Билли с серьезным видом покачал головой.
– Нет. Не думаю, что нам нужны бассейн и дворецкий.
Я хотел ему мягко сказать, что не надо торопиться с решениями, что бассейн и дворецкий не так легко достаются, а уж если достались, то расставаться с ними ох как больно, – но тут вдруг у стола появился Вулли с тарелкой в одной руке и губкой в другой.
– Билли, никому не нужен бассейн и дворецкий.
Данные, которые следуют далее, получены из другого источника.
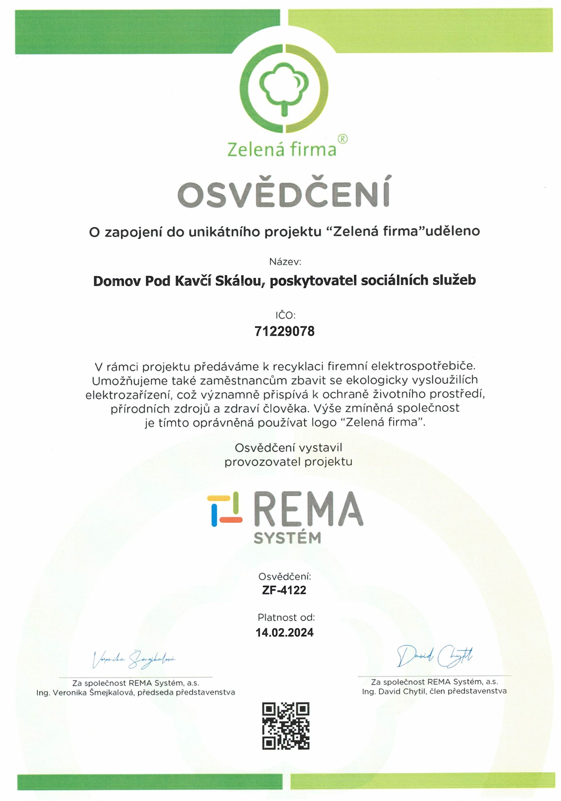 Naše společnost se zapojila do projektu Zelená firma a umožňuje tak svým zaměstnancům bezplatně odevzdat vysloužilá elektrozařízení, baterie a akumulátory. Zároveň je tím bez nutnosti cesty na speciální místo zpětného odběru podporujeme v ekologickém chování a s tím související recyklací, při které se mění odpad na znovu použitelný materiál. Vysloužilé elektrospotřebiče z domácností a baterie mohou zaměstnanci jednoduše odkládat do sběrného boxu, který je umístěn při vstupu do zařízení.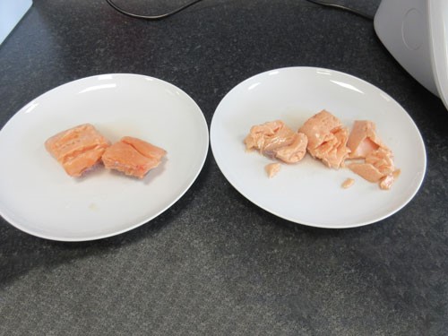 Pour la cuisson sous vide, nous avons fait cuire deux filets de saumon à 52° pendant 30 minutes. Sans préchauffage, le saumon était encore cru. Avec préchauffage, il était cuit au bout de 36 minutes et demie.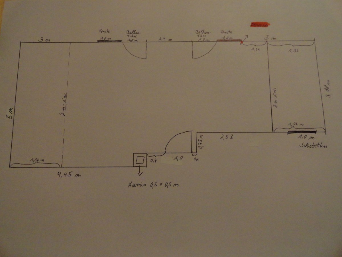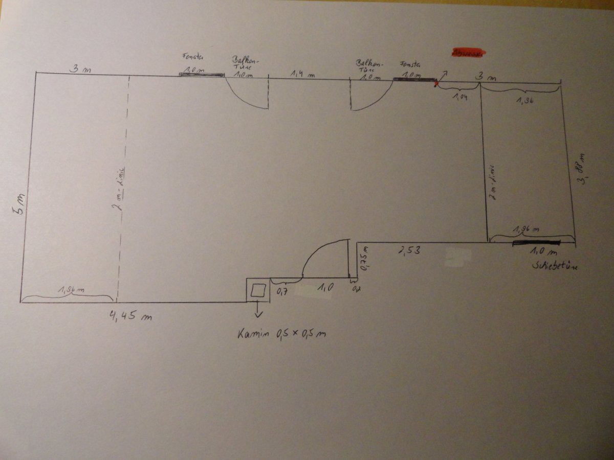 Heizkörper müssen ebenfalls im Raum berücksichtigt werden (Fußbodenheizung nicht möglich). Im Bereich des Kamins (Planunten Mitte) ist ein Kaminofen geplant.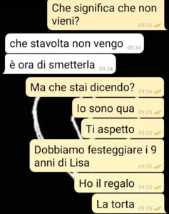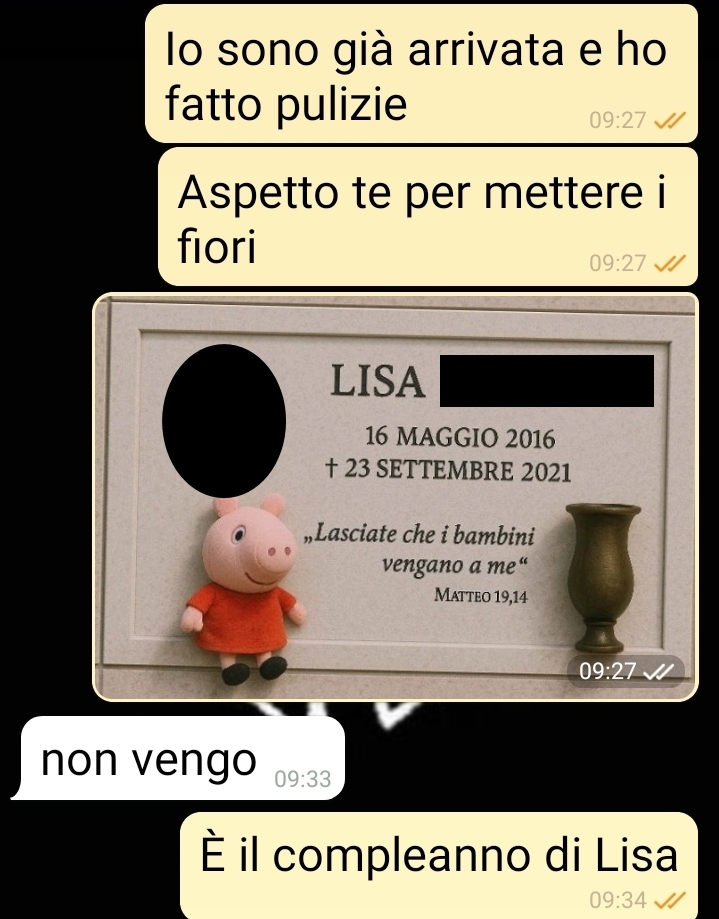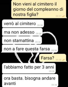 “Mio marito non vuole più partecipare al compleanno di Lisa. Non vuole più venire a festeggiare il compleanno di nostra figlia. Perché anche se è morta ormai è comunque sempre il suo compleanno. E a me questa cosa mi fa uscire di testa. Un misto tra rabbia e delusione che non so esprimere. Perché alla fine non si è visto per tutto il giorno. Io sono stata al cimitero finchè non mi hanno buttato fuori. E di lui nessuna traccia. Anche io sono andata avanti, ci provo faticosamente ogni giorno. E provo a capire cosa intende, ma non si può passare una spugna e fine problemi, tutto pulito. E non sopporto che mi deve dare la colpa perché è finita tra noi. Perché fa così? Ma anche lui non soffre a vedere me ogni giorno? Siamo dolore uno per l’altro. E dopo quello che ha osato dirmi in chat… ma può veramente essere farina del suo sacco? Per 3 anni non è stato un problema essere famiglia per un giorno. È il compleanno di Lisa porco mondo! La mia vita fa schifo già così, perché rovinare tutto?”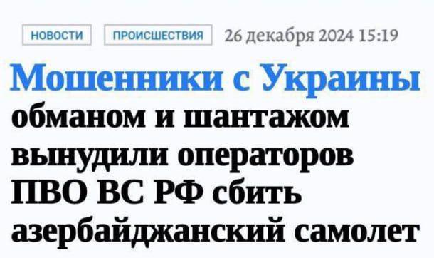 Ну и сам ролик, если вы вдруг почему-то не видели этот зашквар. Особенно актуальный на фоне того, что в Мордоре вчера рядом с Грозным обстреляли азербайджанский самолет, после чего не разрешили ему сесть на ближайших аэродромах, погнали его через Каспий, чтобы скрыть следы обстрела, отключили ему GPS и так далее - этот ролик выглядит прямо-таки провидческим.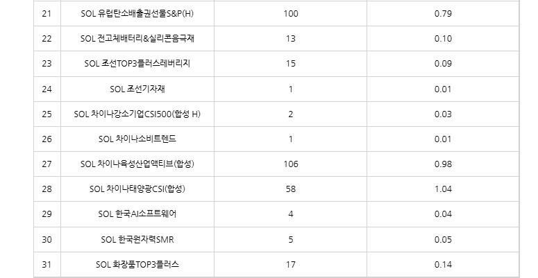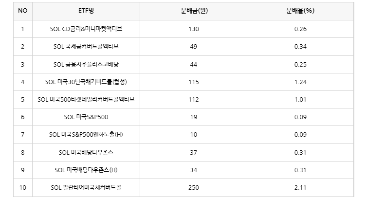 가장 분배금이 많은 ETF는 SOL 국고채10년의 3280원이며, 분배율 기준으로도 3.10%로 가장 높은 분배율을 기록했습니다.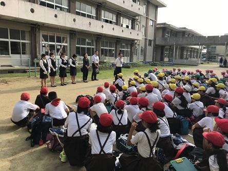 校長先生からは3つの言葉をいただきました。「思いやりの気持ちを持つこと」「一生懸命取り組むこと」「考えて行動すること」子どもたちは真剣に聞いていました。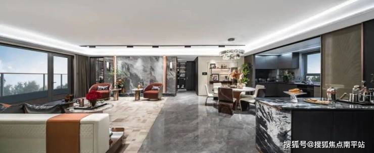 建面约 80㎡的餐客区域,采用无界格局设计,LDKB 奢阔通厅搭配洄游动线,让空间更加流畅自然。无论是与亲朋好友聚会宴饮,还是独自享受观景烹饪的乐趣,皆可在此轻松实现,赋予生活更多的美好与惬意。
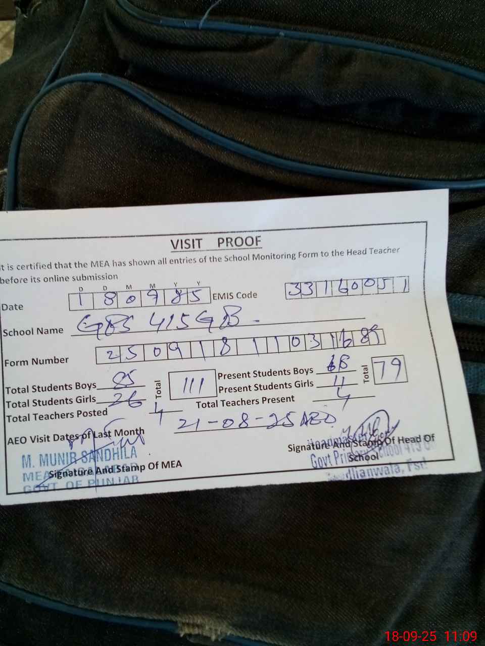 | EMIS Code: 33160051 | Name of School: GPS CHAK 415 GB TANDLIANWALA | |||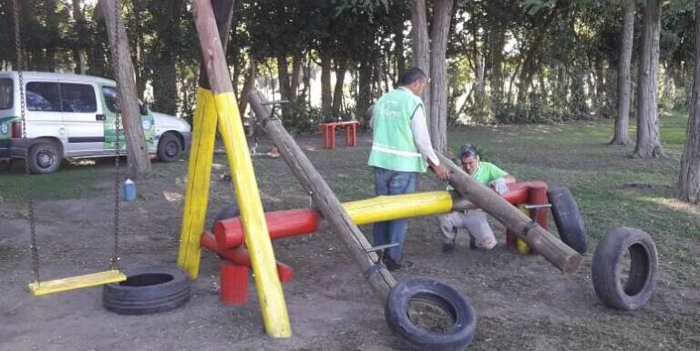 Siguiendo con la creación de nuevos espacios públicos se trabajó en la futura plaza Peñoñori. Personal de la Dirección de Espacios Verdes reacondicionó el sector de juegos, realizó corte de pasto, control de hormigas y armado de canteros.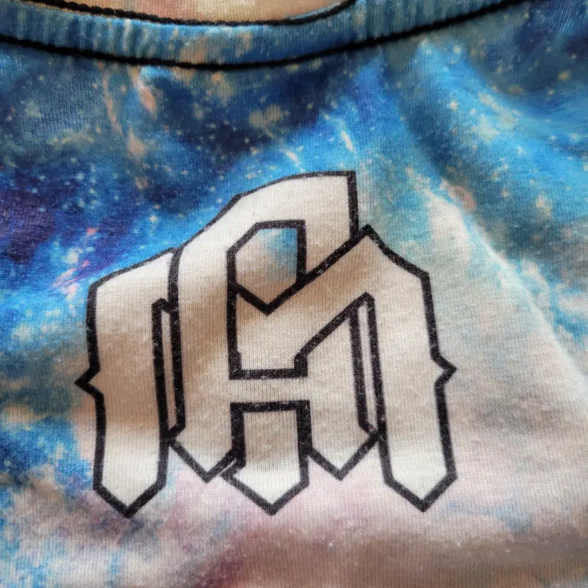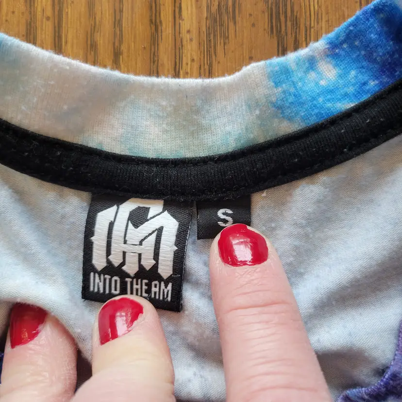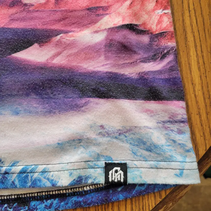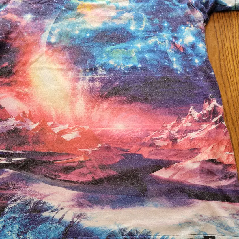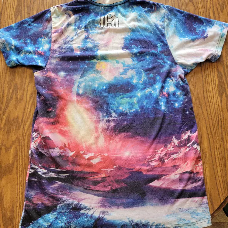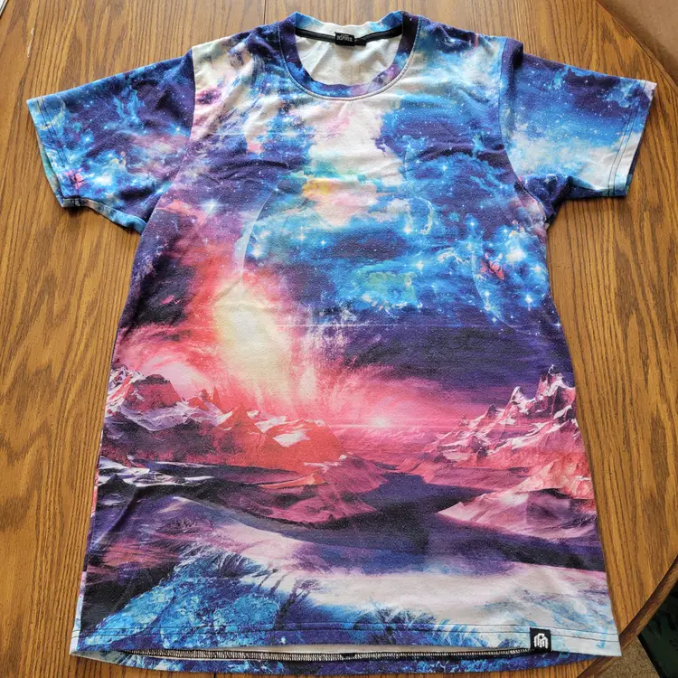Men's EDM Into The AM Festival Rave Tee Space & Mountains Print Size Small. Condition is Pre-owned - Good. Shipped with USPS Ground Advantage.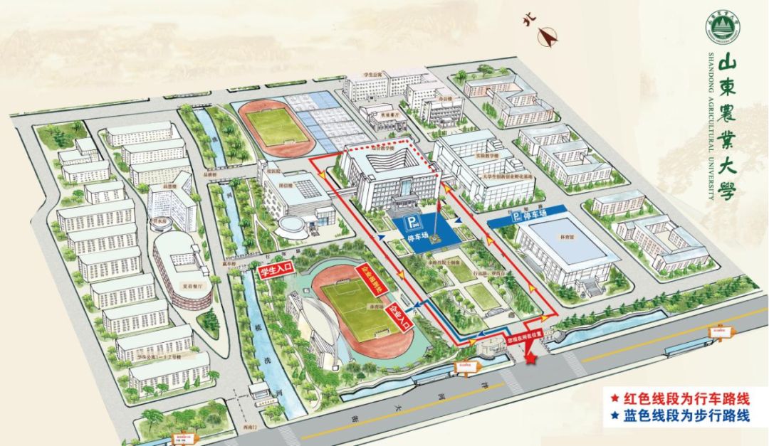(一)自驾:导航搜索“山东农业大学泮河校区”从学校南门进入;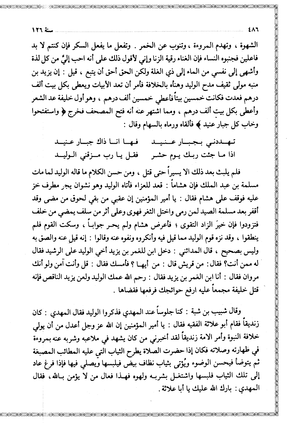 فلم يلبث بعد ذلك الا يسيرا حتى قتل ومن حسن الكلام ما قاله الوليد لما مات مسلمة بن عبد الملك فإن هشاما قعد للعزاء فأتاه الوليد وهو نشوان يجر مطرق خز عليه فوقف على هشام فقال يا أمير المؤمنين إن عقبي من بقي لحوق من مضى وقد أقفر بعد مسلمة الصيد لمن رمى واختل الثغر فهوى وعلى أثر من سلف يمضي من خلف فتزودوا فإن خير الزاد التقوى فأعرض هشاما ولم يحر جوابا وسكت القوم فلم ينطقوا وقد نزه قوم الوليد مما قيل فيه وأنكروه ونفوه عنه وقالوا إنه قيل عنه والصق به وليس بصحيح قال المدائني دخل ابن للغمر بن يزيد أخي الوليد على الرشيد فقال له ممن أنت فقال من قريش قال من أيها فأمسك فقال قل وأنت آمن ولو أنك مروان فقال أنا ابن الغمر بن يزيد فقال رحم الله عمك الوليد ولعن يزيد الناقص فإنه قتل خليفة مجمعا عليه ارفع حوائجك فرفعها فقضاها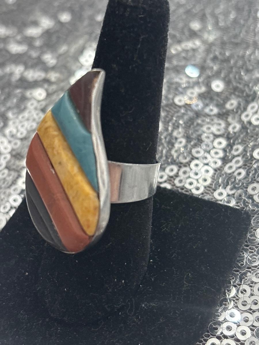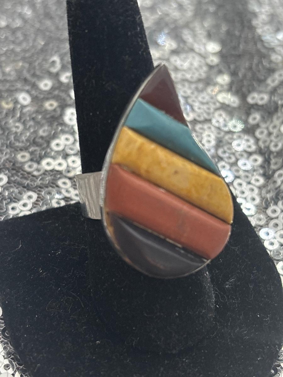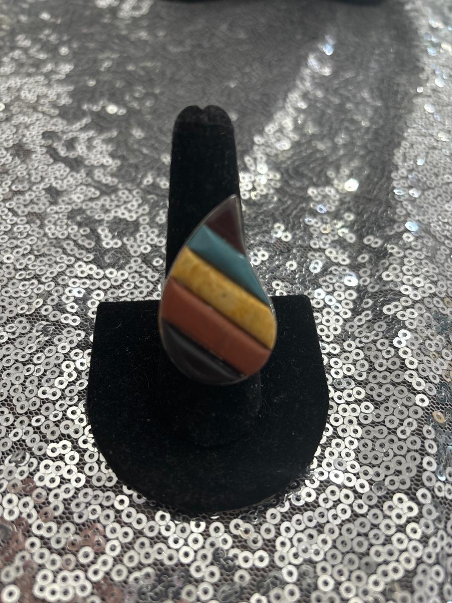 Multicolored teardrop adjustable ring

Никогда не знаешь, что привлечет внимание Вулли. Это может быть птица, севшая на ветку. Или отпечаток подошвы в снегу. Или что-то кем-то сказанное вчера. Но если что-то завладело мыслями Вулли, то всегда стоит подождать. Он сел рядом с Билли, а я сразу пошел к раковине, выключил воду и вернулся на свое место, весь обратившись в слух.
– Никому не нужен гараж на четыре машины, – продолжал Вулли. – Но думаю, вам понадобятся несколько лишних спален.
– Почему, Вулли?
– Чтобы на праздники приезжали друзья и родственники.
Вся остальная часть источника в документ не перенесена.